Most historians of eugenics have acknowledged the involvement of committed racists with long-standing connections to organized white supremacist groups within the eugenics movement but have been reluctant to impugn the motives of other, more respectable and socially prominent members. Several historians have argued that the racist component of eugenics was marked only during certain stages in the movement's development.2 Some have argued that the eugenics movement contained at least two distinct strains, only one of which was motivated by racial and class animus.3 A number of interpreters have gone further to claim that the eugenicists were motivated primarily by scientific and altruistic, rather than racist, concerns.4

One of the results of such arguments has been the tendency to de-emphasize the commitment shown by some activists to the racial and class nature of the eugenics movement. Another tendency has been to isolate those aspects of the eugenics movement in which racial animus was unequivocal and to present eugenical involvement in those issues as tangential to more primary eugenic goals. Advocacy in favor of immigration restriction and anti-miscegenation statutes are frequently presented as though they were distinct from the eugenics movement.5 In fact, while neither the immigration restriction nor the anti-miscegenation movement was identical with eugenics, eugenicists were prominent in both and further, support for such measures was key to the eugenics agenda from the beginning. Such arguments also affect the lineage which is attributed to the eugenics movement. Historians who believe that the eugenics movement only developed into a racist movement over time, for example, are more likely to relegate the racist antecedents of the eugenicists to the background, while emphasizing other historical paths.6

It is possible to argue that notions of control by a racial and economic elite were key to the eugenics movement without embracing reductionist or conspiratorial theories that do damage to the diversity and scope of the movement.7 It has been the diversity of the eugenics movement--the wide range of followers it was able to encompass--that has proved most difficult to explain. The eugenics movement was not monolithic: conservatives, progressives, and sex radicals were all allied within a fundamentally messianic movement of national salvation that was predicated upon scientific notions of innate and ineradicable inequalities between racial, cultural, and economic groups.

This diversity may stem from a number of sources. For one thing, the eugenics movement attracted people who, despite different ideas on the appropriate scope of individual freedom (particularly in their own lives), believed in the necessity of strong social controls for some groups of citizens, who were seen as fundamentally different and inferior. For another, the traditional conception of the progressives and the conservatives as conflicting and fundamentally dissimilar groups, obscures the many similarities between the two. It was not surprising that the two groups would find substantial common ground.

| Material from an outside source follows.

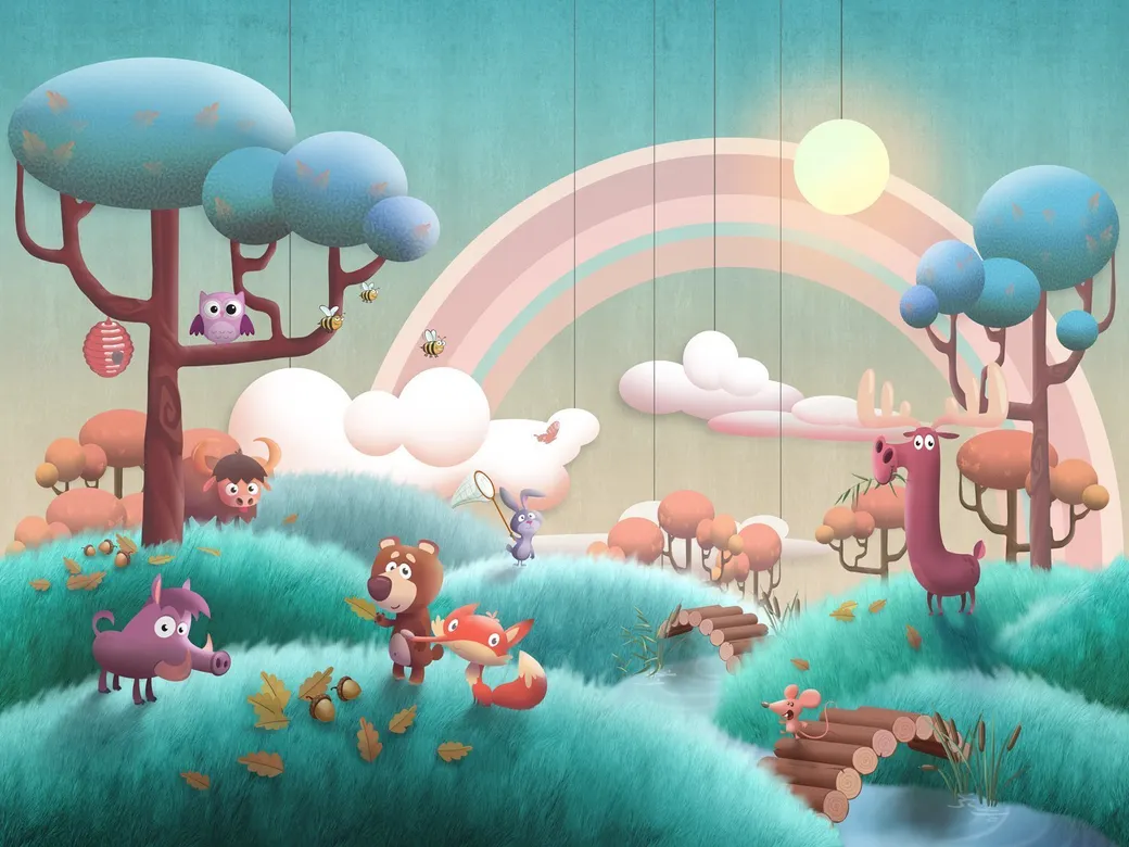 Фрески Affresco из коллекции "Сказки" предназначены для оформления детских комнат. Изготовленные из флизелина, они обеспечивают высокую стойкость к повреждениям и легкость в уходе. Яркие рисунки с изображениями животных создают образовательную и развлекательную атмосферу.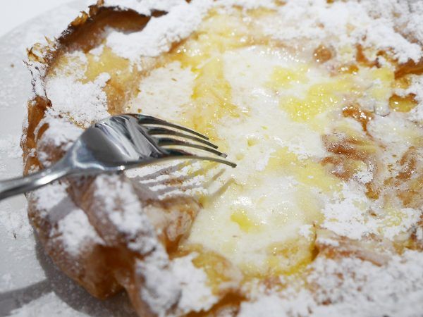 ジャーマン生地と呼ばれる、サクサク、ふわふわ食感のパンケーキです。

Eugenicist hereditarian ideas of worth tended to maintain the status quo by obscuring the racial and class basis of poverty and advancement in the United States in the early twentieth century. The middle- and upper-class professionals of Anglo-Saxon descent who were leaders in the eugenics movement acted in and out of their own interests. Those interests led to the development of a political program in which an extreme economic conservatism was marked by a virulent anticommunism linked to an embrace of the untrammeled, unregulated capitalist state. Some eugenicist leaders rejected democracy in favor of the corporate state and in the 1920's and 1930's, several leaders of the eugenics movement were active in the promotion of German and Italian fascism.

This paper will examine the background and history of the eugenics movement, placing a particular emphasis on its concepts of racial and class superiority. The eugenics movement put forth a coherent, consistent social program in which anti-immigrant and anti-miscegenation activism played a crucial role in advancing social control by a small elite. Particularly now, when familiar eugenicist arguments echo within contemporary scientific and political circles, questions of motivation and intent are compelling.